B. SkyStream-California is a corporation duly organized and existing
under the laws of the State of California and has an authorized capital of
30,508,831 shares, 20,000,000 of which are designated "Common Stock", no par
value and 10,508,831 of which are designated "Preferred Stock", no par value. Of
such authorized shares of Preferred Stock, 4,425,000 shares are designated
"Series A Preferred Stock," and 2,279,831 shares are designated "Series B
Preferred Stock" and 3,804,000 shares are designated "Series C Preferred Stock."

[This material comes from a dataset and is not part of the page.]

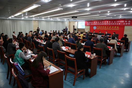 中国统计教育学会职业教育分会会长、全国统计职业教育教学指导委员会副主任委员王志电教授做工作报告。王教授回顾过去一年的九项重大工作,参与了教育部《统计行业人才需求与专业设置指导报告》项目的研究,与相关院校合作,组织学会部分教师进行市场调研,为课题组提供了相关分析资料。在今后的工作设想中,王教授在报告中指出:一要加强自身建设,积极推进自身治理体系和治理现代会能力;二要积极开展学术研究;三要协助全国统计行职委开展各项工作;四要组织学会力量,进一步修订统计技能大赛方案;五要开展国际交流;六要开发“十三五”统计规划教材。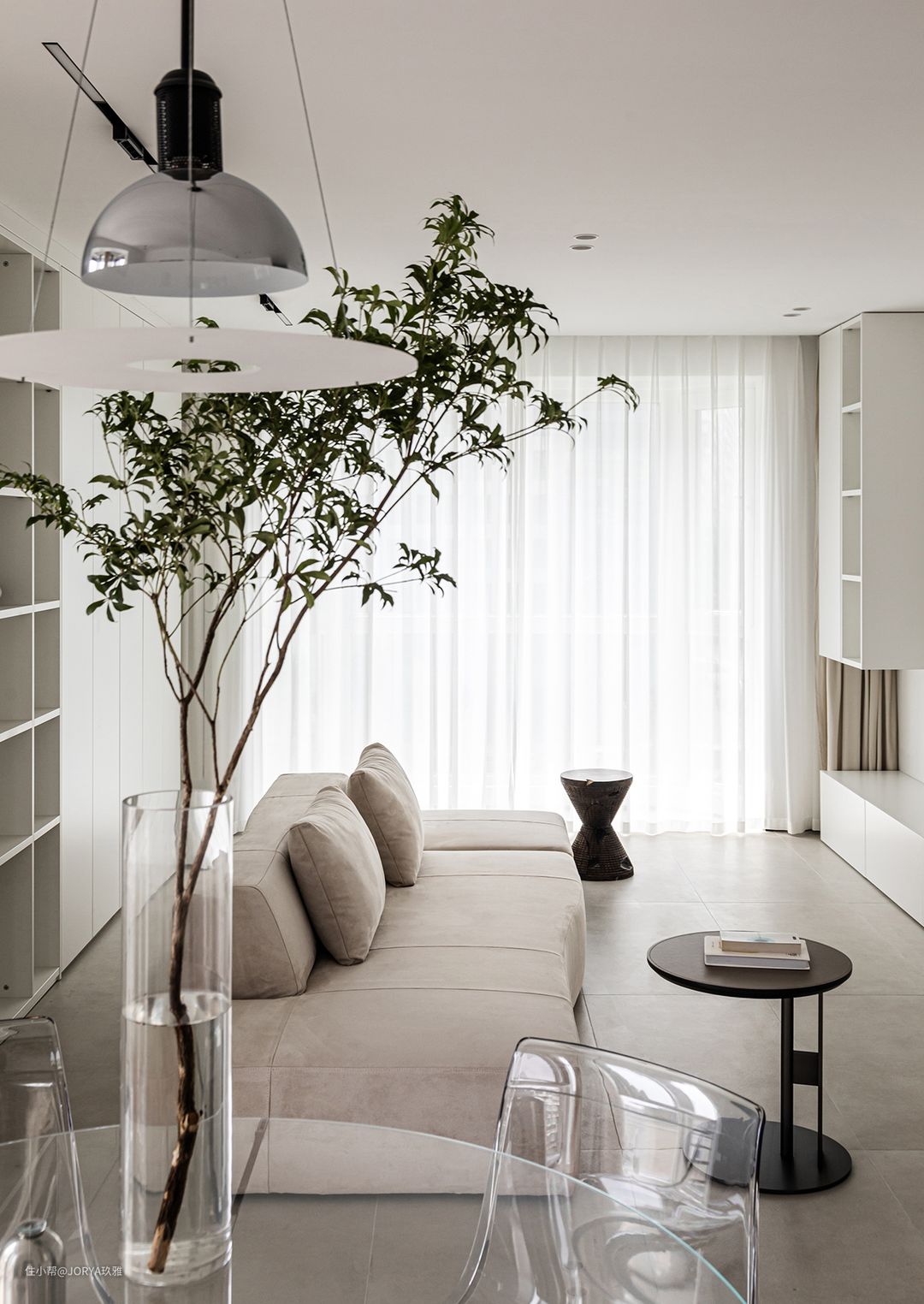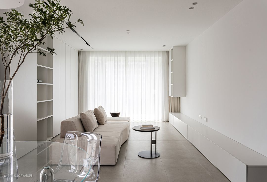 沙发对面是一组地柜+悬挂式收纳柜,白色按压式柜门,没有多余的装饰,完美融入到了整个氛围中。

As of the record date of the solicitation of the consent of shareholders at
which this Agreement of Merger was approved, 5,321,433 shares of Common Stock,
4,425,000 shares of Series A Preferred Stock, 2,244,446 shares of Series B
Preferred Stock and 3,504,000 shares of Series C Preferred Stock were issued and
outstanding.
C. The Board of Directors of SkyStream-California has determined that,
for the purpose of effecting the reincorporation of SkyStream-California in the
State of Delaware, it is advisable and in the best interests of
SkyStream-California that SkyStream-California merge with and into
SkyStream-Delaware upon the terms and conditions herein provided.
D. The respective Boards of Directors of SkyStream-Delaware and
SkyStream-California have approved this Agreement and have directed that this
Agreement be submitted to a vote of their respective stockholders and executed
by the undersigned officers.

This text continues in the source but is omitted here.